Atherogenic Index of Plasma in Obstructive Sleep Apnoea

J. Clin. Med. 2021, 10(3), 417; https://doi.org/10.3390/jcm10030417
by Andras Bikov 1,2,3, Martina Meszaros 1, Laszlo Kunos 1, Alina Gabriela Negru 4,5, Stefan Marian Frent 6,7,* and Stefan Mihaicuta 6,7
Reviewer 1: Anonymous
Reviewer 2: Anonymous
J. Clin. Med. 2021, 10(3), 417; https://doi.org/10.3390/jcm10030417
Submission received: 22 December 2020 / Revised: 11 January 2021 / Accepted: 14 January 2021 / Published: 22 January 2021

Round 1

Reviewer 1 Report

The authors present the results of a study that evaluates the atherogenic index of plasma (AIP) in patients with OSA and its association with OSA presence and severity. Moreover the authors also assess if AIP could predict other comorbidities. There are previous studies previous on this topic and therefore the novelty of the findings is not high and what the study adds to previous data is not clear.

I belive that there are some questions that should be adressed:

1. From the current information, it is not entirely clear the inclusion criteria and exclusion criteria, how the subjects were included (consecutively?) and how the patient flow was. A patient flow showing patient/control disposition and also a better definition of inclusion and exclusion criteria would be appreciated.

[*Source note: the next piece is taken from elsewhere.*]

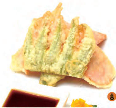
147. YASAI TEMPURA verdure miste
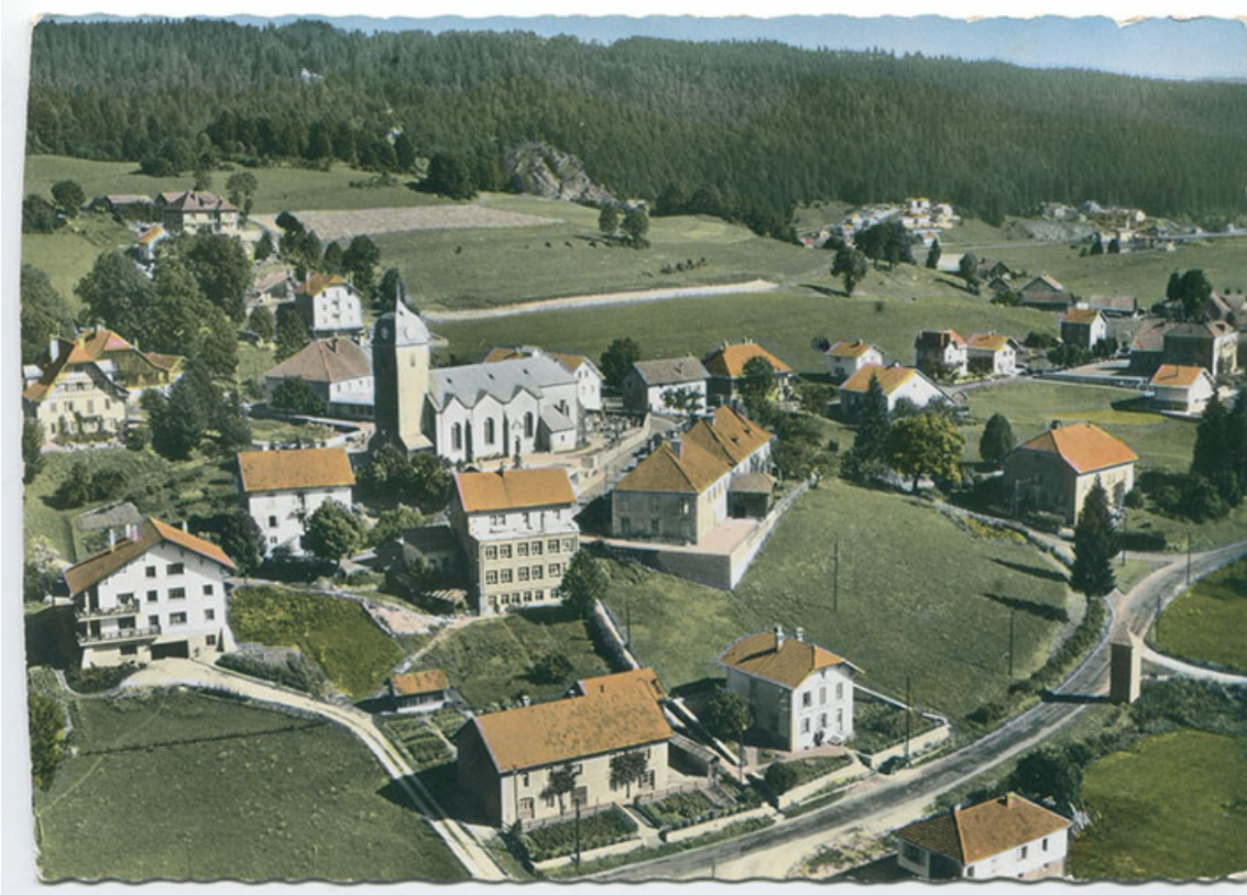
En avion au-dessus de... 12. Grand'Combe-Châteleu (Doubs). Vue générale, 3e quart 20e siècle [décennies 1950-1960]. 25, Grand'Combe-Châteleu, 9 et 11 place du Souvenir français, lieudit : Rossignier

 2. How the authors define OSA should be included in the methods section as well as a reference related to the definition used. Why did the authors decide to define OSA based on AHI > 5/h in patients without significant somnolence instead of AHI>15/h?

3. As suggested in table 1, OSA patients have preserved sleep efficiency and percentage of REM sleep and hypoxemia indices are not very high, suggesting that they have not a severe disease. Moreover they do not present somnolence. It does not seem the typical profile of subjects with OSA suspicion. Please give your opinion on that point.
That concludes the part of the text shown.